Summary. The paper introduces IMPACT-CYCLE, a contract-based multi-agent system for iterative claim-level correction of long-video semantic memory. It structures video understanding outputs as a shared, versioned memory of typed claims linked by a dependency graph and provenance log; role-specialized agents perform local object-relation, cross-temporal, and global coherence verification under explicit authority contracts, escalating to human arbitration only when automated evidence is insufficient. Corrections are confined to the dependency closure of erroneous claims. On the VidOR benchmark the system is reported to raise VQA accuracy from 0.71 to 0.79 while reducing human arbitration cost by a factor of 4.8.

Significance. If the reported gains are reproducible and the dependency-graph mechanism is shown to keep corrections proportional to error scope, the work would offer a concrete supervisory interface that addresses a recognized bottleneck in long-video annotation pipelines. The contract-based decomposition of verification roles and the explicit escalation protocol constitute a novel organizational layer on top of existing multimodal models.

major comments (2)

Abstract: the quantitative claims (VQA 0.71→0.79 and 4.8× human-cost reduction) are stated without any description of the experimental protocol, baseline systems, number of evaluated videos or claims, statistical tests, or ablation studies on the dependency-graph construction and the three verification stages. These omissions render the central performance claims unevaluable.
Approach description: no algorithm, pseudocode, or formal definition is supplied for constructing the claim dependency graph from the set of video claims, nor is there an empirical test (ablation or error-coverage analysis) demonstrating that the local/temporal/global decomposition exhausts the space of cross-cutting inconsistencies. Because the proportionality of correction cost rests on the completeness and accuracy of this graph, the absence is load-bearing for the main thesis.

minor comments (1)

The promise to release code at the cited GitHub URL is welcome; the manuscript should include a brief reproducibility checklist (random seeds, exact model versions, hyper-parameters for the agents) even if the full repository is external.

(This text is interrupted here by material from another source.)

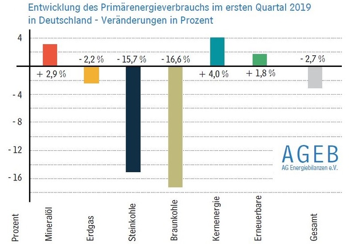 Der Energieverbrauch in Deutschland lag in den ersten drei Monaten des Jahres 2019 knapp 3 % unter dem Vorjahreswert. Nach vorläufigen Berechnungen der Arbeitsgemeinschaft Energiebilanzen ( AG Energiebilanzen ) fiel der Verbrauch im ersten Quartal auf 3730 PJ (1036 TWh).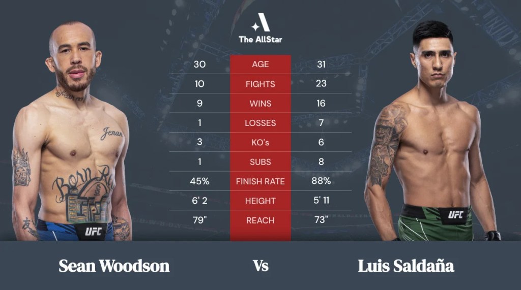 The first round of this fight was an incredibly wild affair. The two fighters are trading on the feet and it is competitive for the first couple minutes. Then out of nowhere Saldana lands a beautiful left hook that drops Woodson instantly. He looks completely out of it and all it would have taken is Saldana to run over and land another shot that would have ended the fight immediately. Instead Saldana just stays on the other side of the cage and watches him get up slowly. Woodson is still very out of it so when he walks over to engage again he is now dropped with a simple jab. Saldana now sprints over to follow up but he makes the terrible mistake of blasting a knee to the head of Woodson while he’s still clearly down but trying to get up. The fight is quickly paused and Saldana is running around the cage thinking he won. He hops on top of the cage and is raising his arms to the crowd. He eventually finds out that the fight is not over and even worse, he is now being deducted a point. He is lucky the fight is not just altogether called off but Woodson is a soldier and chooses to continue. The round eventually comes to an end and it could very well have been a 9-9 despite all the damage and dominance that Saldana displayed. In the second round the fighters continue to exchange on the feet and for the most part the round is close. In the final minutes the fight hits the ground and Woodson gets Saldana in a buggy choke. The choke is very tight and Saldana looks very concerned but he is somehow able to survive to the end of the round. A very interesting fight thus far and despite all the damage that Woodson sustained, he could be up by a round now after the buggy choke attempt in the second. In the final round the two fighters are fatigued but continue to press on. Each fighter has their subtle moments but neither ever do much to emphatically steal the round. Woodson gets in top control on the ground briefly and with the round so close something as simple as that could have been enough to sway the judges in his favor. Going to the judges the audience and commentators have no clue what to expect. The fight was entertaining but very weird. However, in the end, the judges declare this fight a split draw.

Simulated Author's Rebuttal

2 responses · 0 unresolved

Thank you for your constructive review. We address each major comment point by point below, indicating where revisions will be made to improve clarity and completeness.

read point-by-point responses

Referee: Abstract: the quantitative claims (VQA 0.71→0.79 and 4.8× human-cost reduction) are stated without any description of the experimental protocol, baseline systems, number of evaluated videos or claims, statistical tests, or ablation studies on the dependency-graph construction and the three verification stages. These omissions render the central performance claims unevaluable.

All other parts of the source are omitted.